Alla sconfitta della religione che tenta di catturare Dio, Paolo oppone la pura gratuità della grazia.
Dio di tutti e di ciascuno
Non si comprende nulla del pensiero di Paolo se non si coglie a quale punto la sua immagine di Dio si è trovata proiettata: lo scorge all’opera nella sua fragilità. Lo credeva tirannico, lo scopre solidale. Lo pensava lontano, ed eccolo presente in ogni sofferenza. Dio non si lascia scoprire che da parte di coloro che abbandonano l'immagine del dio tirannico e si lasciano "giustificare", cioè accogliere, sulla sola base della loro fede in Lui.
Con Paolo inizia questa scoperta, immensa nella storia dell'umanità, del valore di tutti e di ciascuno. Che ogni uomo riceva da Dio un valore insostituibile, nessuno l'aveva affermato con altrettanta forza. Che l'essere umano abbia un valore che non dipende né dalla sua età, né dal suo sesso, né dal suo denaro, né dalla sua pietà, né dal suo ruolo nella società. Che ogni essere sia apprezzato da Dio indipendentemente dalla sua morale o dalle sue (buone) intenzioni, ecco la convinzione che brucia nel centro della teologia di Paolo. E, nelle categorie farisaiche della retribuzione, Paolo dirà: Dio giustifica ognuno senza badare alla sua osservanza della Legge. Egli concede la vita all'uomo "senza le opere della Legge" (Rm 3,21-28).
Di questa idea si alimenterà un concetto che segnerà profondamente l'Occidente cristiano; il concetto di individuo. Sotto l'influsso del pensiero paolino, l’umanità accoglie questa idea che l'individuo, sono qualsiasi latitudine viva, ha lo stesso valore.

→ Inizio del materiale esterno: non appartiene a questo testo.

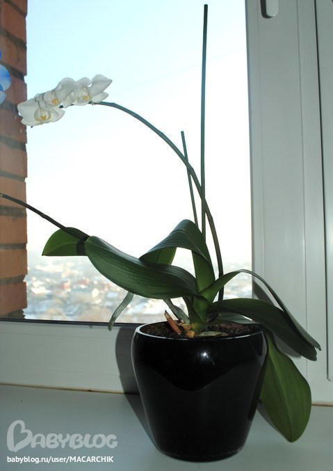Полив по мере просыхания коры и корней. Корни должны стать серебристого цвета, а кора полностью сухая. Помните, не любят перелив! Поливать можно из под душа теплой водой в течение 10-15 минут, я обычно в таз теплой воды наливаю и ставлю туда на пять минут. Вода не должна попадать на шейку (там где листики начинаются) и в пазухи листьев. Если попала, соберите воду туалетной буагой или салфеткой. Иначе загниет шейка, а это хана цветку.

La Rivoluzione francese aggiungerà: deve godere degli stessi diritti.
Un problema di libertà
La doppia cultura di Saulo di Tarso (greco-romana ed ebraica) gli permette sintesi folgoranti, di cui la cristianità si alimenterà per crescere. La sconfitta della religione è una prima sintesi. L’approccio paolino al problema della libertà ne è un'altra. Gli stoici (ad esempio Epitteto o Seneca) ponevano con insistenza la questione della libertà umana. L'uomo è libero nelle sue scelte? Governa la propria vita? Alla constatazione negativa, gli stoici aggiungevano una risposta: dominare le passioni permette all'uomo di avvicinarsi alla libertà. Paolo riprende la questione, ma la sua constatazione è più radicale: non solo l'uomo non è libero, ma non è in grado di riconquistare la sua libertà attraverso un progetto di autocontrollo. Il peccato - nessuno nel Nuovo Testamento penserà il peccato con maggiore profondità di Paolo - aliena l'uomo e lo scaglia contro Dio. La sola via d'uscita per l'essere umano è di essere liberato dal di fuori, dal momento che non può farlo da solo. Il cap. 8 della Lettera ai Romani descrive questo lavorio dello Spirito nel credente, che, liberandolo dalla costrizione di costruire la sua propria salvezza, lo libera dalla preoccupazione di sé e lo apre alla cura di un altro.
Distruttore della Legge?
Rifiutando la Legge come via di salvezza, Paolo si è attirato l'incomprensione e la collera dei suoi antichi correligionari. Malgrado i suoi dinieghi ("la Legge è santa e santo e giusto e buono è il comandamento", Rm 7,12), l'apostolo delle Genti non si libererà mai dal sospetto di essere un trasgressore della Legge. All'intento del nascente cristianesimo, questo punto costituisce una grande divergenza tra Paolo e il giudeo-cristianesimo di Gerusalemme dominato dalla figura di Giacomo, fratello del Signore. In realtà, se Paolo nega alla Torà la capacità di essere strumento di salvezza (ormai conta solo la fede), Paolo non rifiuta la Legge quando si tratta di segnalare la fedeltà di vita cui sono chiamati i credenti. Arriva anche a dire che "la giustizia della Legge si compie in noi, che non camminiamo secondo la carne, ma secondo lo Spirito" (Rm 8,4). In pratica, il credente, non più preoccupato per sé, può aprirsi all'amore dell'altro, cosa che costituisce - per Paolo come per Gesù - il centro della Legge.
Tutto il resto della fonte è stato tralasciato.